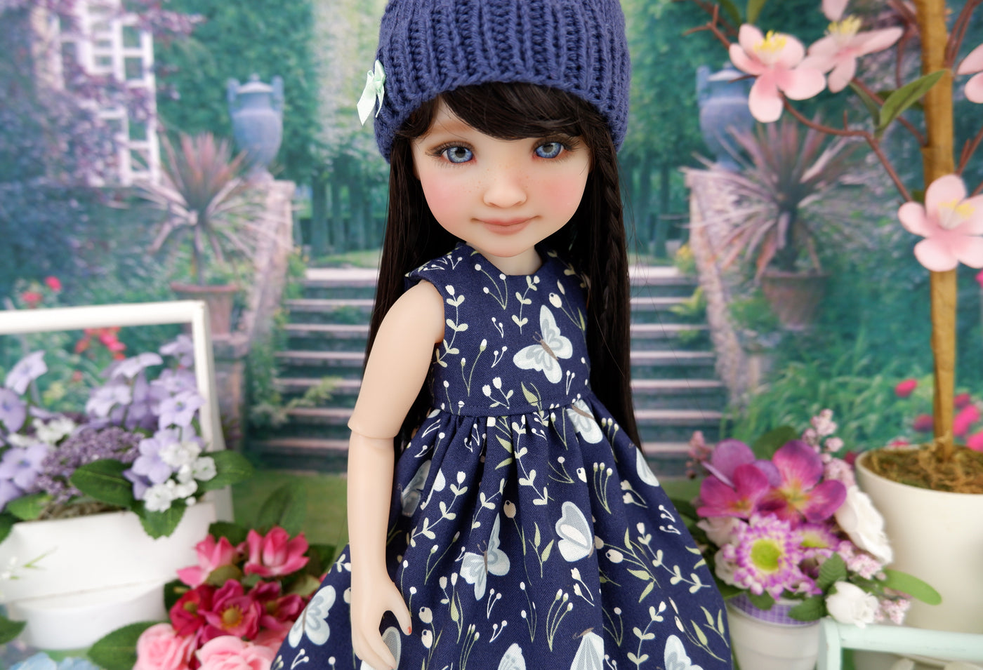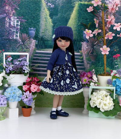 This beautiful dress and sweater ensemble is the perfect addition to your Fashion Friend's wardrobe. The dress is made of a precious floral and butterfly print in dusty aqua and sage on navy blue cotton. The sleeveless bodice is fully lined with a higher waistline. The skirt is gathered at the waist for a pretty silhouette with dusty sage crochet lace peeking out beneath the hem. The dress fastens in back with buttons. Wear the dress alone or pair with the coordinating sweater. The sweater is made of high quality navy yarn with 3/4 sleeves and an aqua ribbon bow on one lapel. Complete the look with the matching hat. The hat is also made of navy yarn featuring an aqua ribbon bow on the edge.
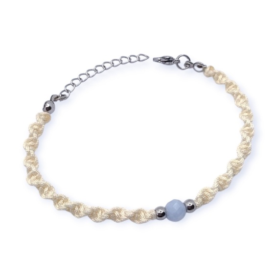 Bransoletka pleciona splotem makramowym o kolorze kremowym z błękitnym agatem.
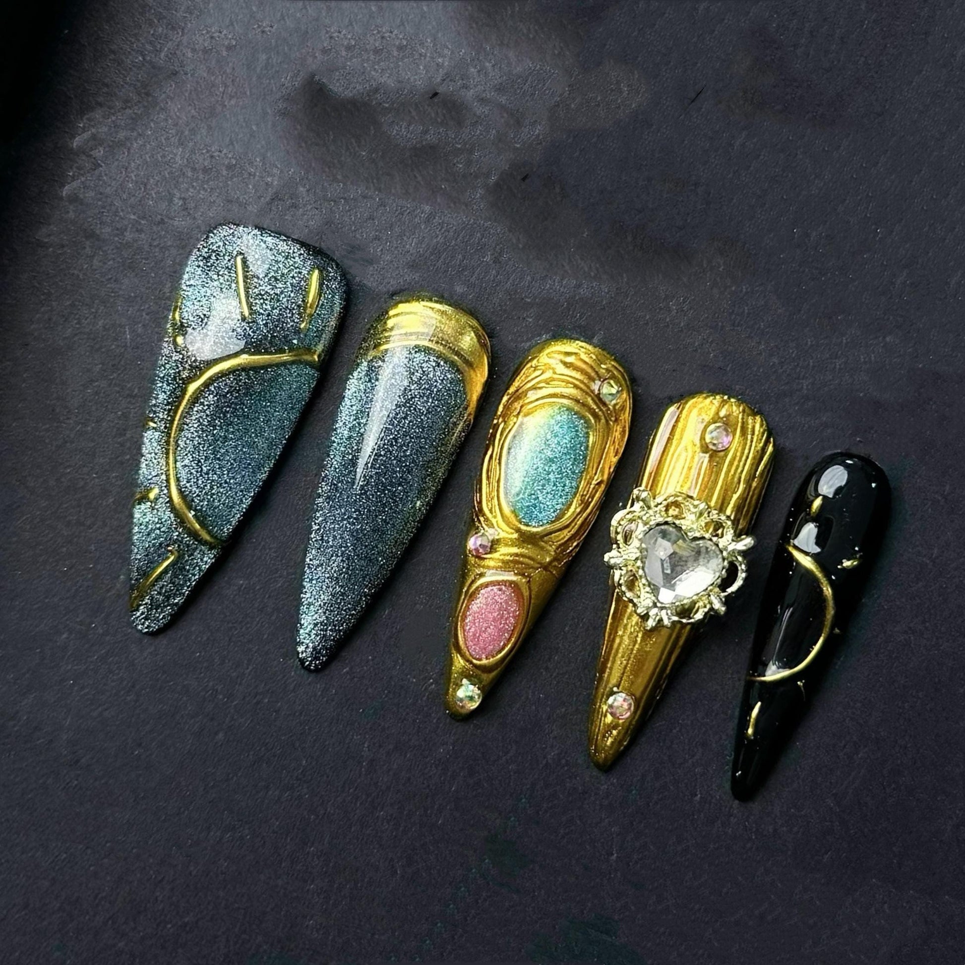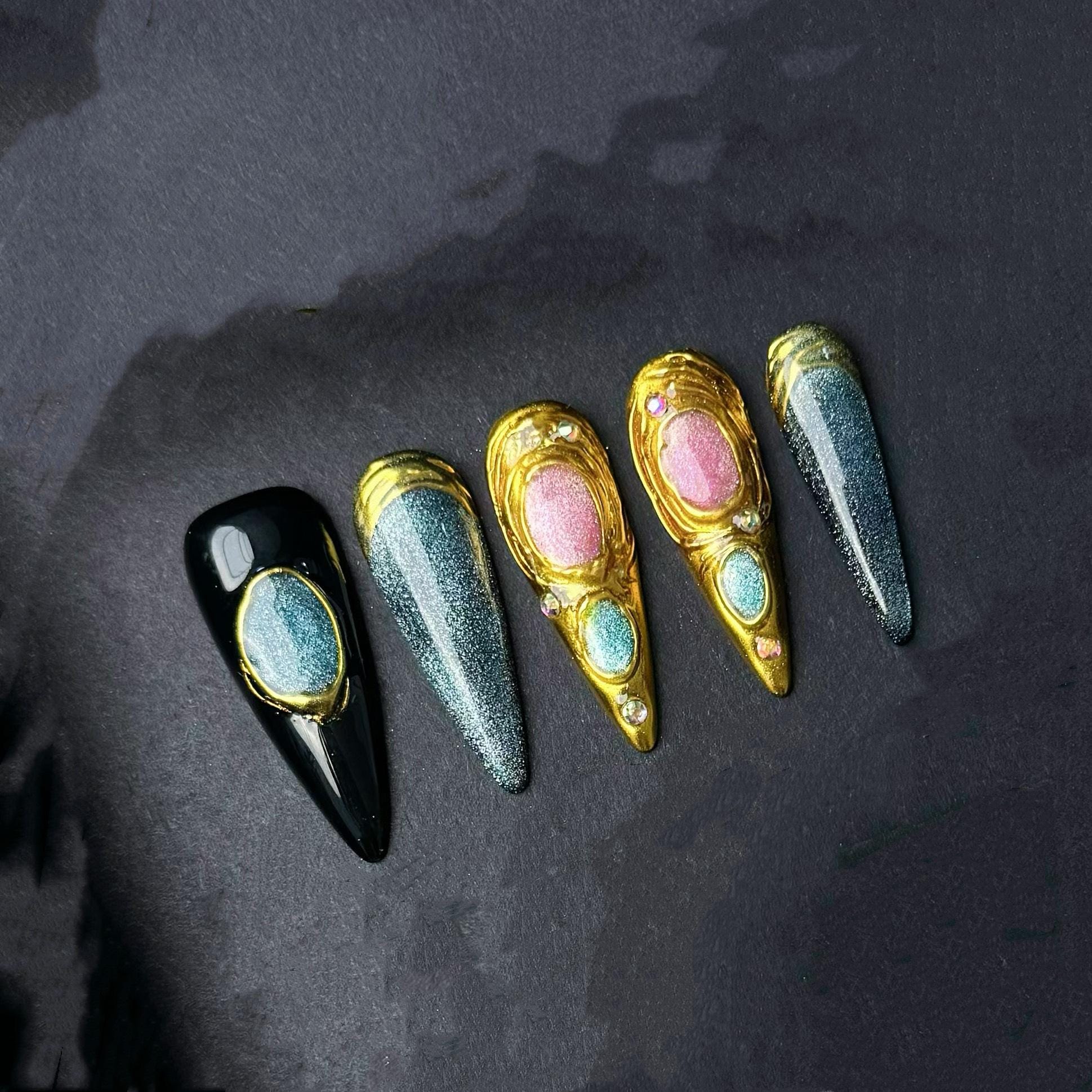Celestial Metallic Galaxy Press-On Nails with Gold Sculpted Detail and Gem Accents. Artificial reusable fake glue on faux manicure nail art.
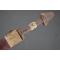 Couteau Touareg début XXè, poignée et fourreau recouvert de cuir et peau de serpent, lame acier double tranchant gravée.
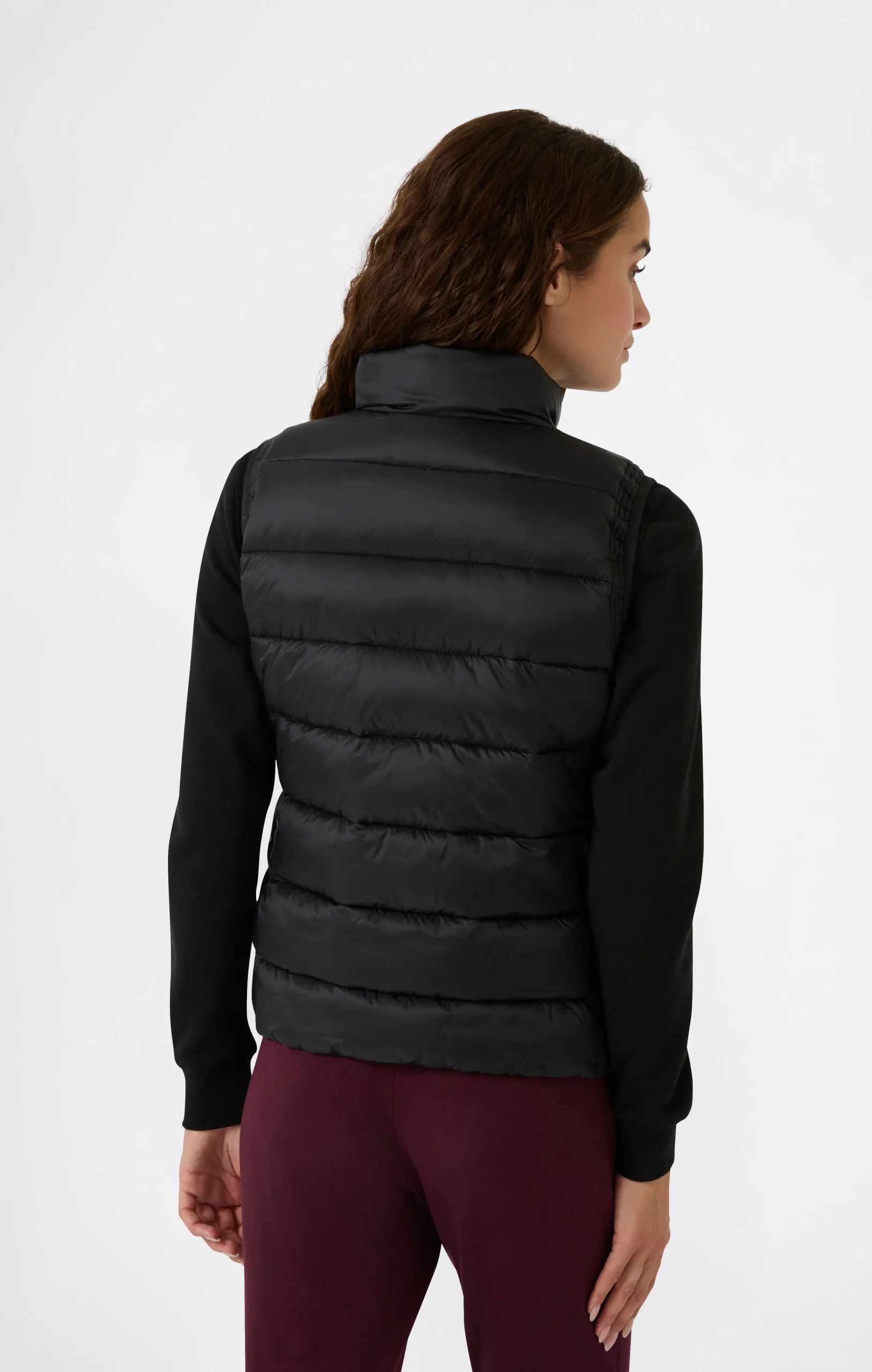 Perfect for mid-season or as an extra layer on cold days, this padded vest is made of lightweight nylon with a shiny finish and water-repellent treatment. The quilted construction and fitted silhouette enhance its technical look without compromising on style. Practical and compact, it features a front zip and side pockets with zip closure.@@@Fabric: New Light Nylon with PD, W/R, Ciré, |Composition: 100% Polyamide |Padding: Polyester |Shiny effect and water-repellent treatment |Horizontal quilting |Front zip closure |Side zip pockets |Sleeveless |Slim Fit: Close-fitting but not tight. The garment adapts to the silhouette, following the body’s curves.
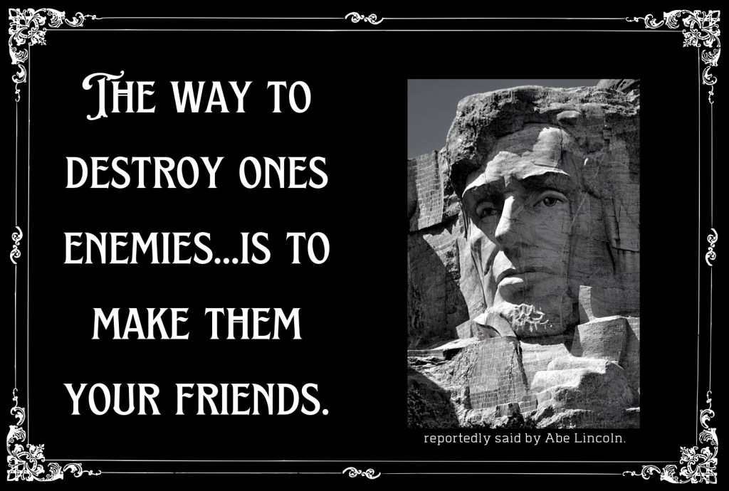 Much love to any of my enemies that will read this. But according to Abe Lincoln: “The way to destroy ones enemies…is to make them your friends”.
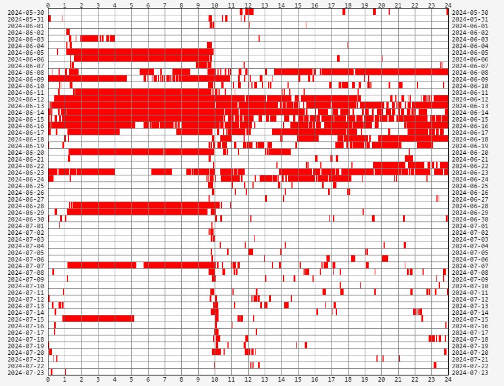 For us in Indiana, it’s been fun to see how long they stay before they begin their migration. Take 3231-00503 for example. “Kevin” as he came to be known, was banded at Mary Gray Bird Sanctuary in May, as our first project bird. As of yesterday, he was still palling around at MGBS. The red timeline below shows each detection we have had with Kevin and the Motus tower antenna at MGBS. Want to adopt Kevin, or any of the other Wood Thrush, consider visiting our Adopt a Wood Thrush page to learn more.
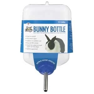 This large-capacity plastic water bottle works great for rabbits, hamsters, gerbils, guinea pigs, chinchillas, and ferrets. The extra-wide mouth accommodates ice cubes for cooling the water in hot weather. Easily attaches without tools to most wire hutches. Can be used indoors and outdoors and is airline approved. Holds 64-oz (2 Qt or 1/2 gallon).
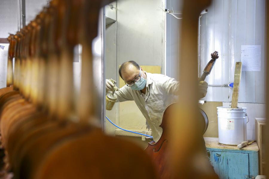 A worker arranges violins at a workshop in Huangqiao Town of Taixing, east China's Jiangsu Province, Nov. 3, 2020. (Photo by Tang Dehong/Xinhua)
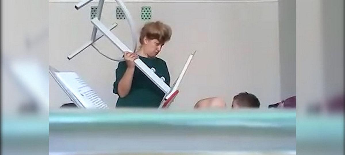 На записи видно и слышно, как женщина занесла над головой ученика парту, крича при этом: «Тресну, а потом посмотрим! Я пойду в тюрьму, а тебе п***ц будет!»
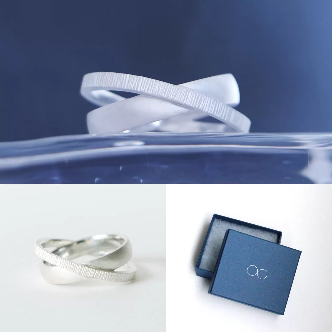 2本の個性の違う指輪が重なり1つの指輪になったデザインのように、楽しいことやそうではないこと、長所と短所など二面性のある事のどちらも愛し大切にする気持ちで指輪を身につけていただければ嬉しいです。
......
Task item >> Print each entry exactly, leaving pictures out.

Result for this exercise >>
 This beautiful dress and sweater ensemble is the perfect addition to your Fashion Friend's wardrobe. The dress is made of a precious floral and butterfly print in dusty aqua and sage on navy blue cotton. The sleeveless bodice is fully lined with a higher waistline. The skirt is gathered at the waist for a pretty silhouette with dusty sage crochet lace peeking out beneath the hem. The dress fastens in back with buttons. Wear the dress alone or pair with the coordinating sweater. The sweater is made of high quality navy yarn with 3/4 sleeves and an aqua ribbon bow on one lapel. Complete the look with the matching hat. The hat is also made of navy yarn featuring an aqua ribbon bow on the edge.
 Bransoletka pleciona splotem makramowym o kolorze kremowym z błękitnym agatem.
Celestial Metallic Galaxy Press-On Nails with Gold Sculpted Detail and Gem Accents. Artificial reusable fake glue on faux manicure nail art.
 Couteau Touareg début XXè, poignée et fourreau recouvert de cuir et peau de serpent, lame acier double tranchant gravée.
 Perfect for mid-season or as an extra layer on cold days, this padded vest is made of lightweight nylon with a shiny finish and water-repellent treatment. The quilted construction and fitted silhouette enhance its technical look without compromising on style. Practical and compact, it features a front zip and side pockets with zip closure.@@@Fabric: New Light Nylon with PD, W/R, Ciré, |Composition: 100% Polyamide |Padding: Polyester |Shiny effect and water-repellent treatment |Horizontal quilting |Front zip closure |Side zip pockets |Sleeveless |Slim Fit: Close-fitting but not tight. The garment adapts to the silhouette, following the body’s curves.
 Much love to any of my enemies that will read this. But according to Abe Lincoln: “The way to destroy ones enemies…is to make them your friends”.
 For us in Indiana, it’s been fun to see how long they stay before they begin their migration. Take 3231-00503 for example. “Kevin” as he came to be known, was banded at Mary Gray Bird Sanctuary in May, as our first project bird. As of yesterday, he was still palling around at MGBS. The red timeline below shows each detection we have had with Kevin and the Motus tower antenna at MGBS. Want to adopt Kevin, or any of the other Wood Thrush, consider visiting our Adopt a Wood Thrush page to learn more.
 This large-capacity plastic water bottle works great for rabbits, hamsters, gerbils, guinea pigs, chinchillas, and ferrets. The extra-wide mouth accommodates ice cubes for cooling the water in hot weather. Easily attaches without tools to most wire hutches. Can be used indoors and outdoors and is airline approved. Holds 64-oz (2 Qt or 1/2 gallon).
 A worker arranges violins at a workshop in Huangqiao Town of Taixing, east China's Jiangsu Province, Nov. 3, 2020. (Photo by Tang Dehong/Xinhua)
 На записи видно и слышно, как женщина занесла над головой ученика парту, крича при этом: «Тресну, а потом посмотрим! Я пойду в тюрьму, а тебе п***ц будет!»
 2本の個性の違う指輪が重なり1つの指輪になったデザインのように、楽しいことやそうではないこと、長所と短所など二面性のある事のどちらも愛し大切にする気持ちで指輪を身につけていただければ嬉しいです。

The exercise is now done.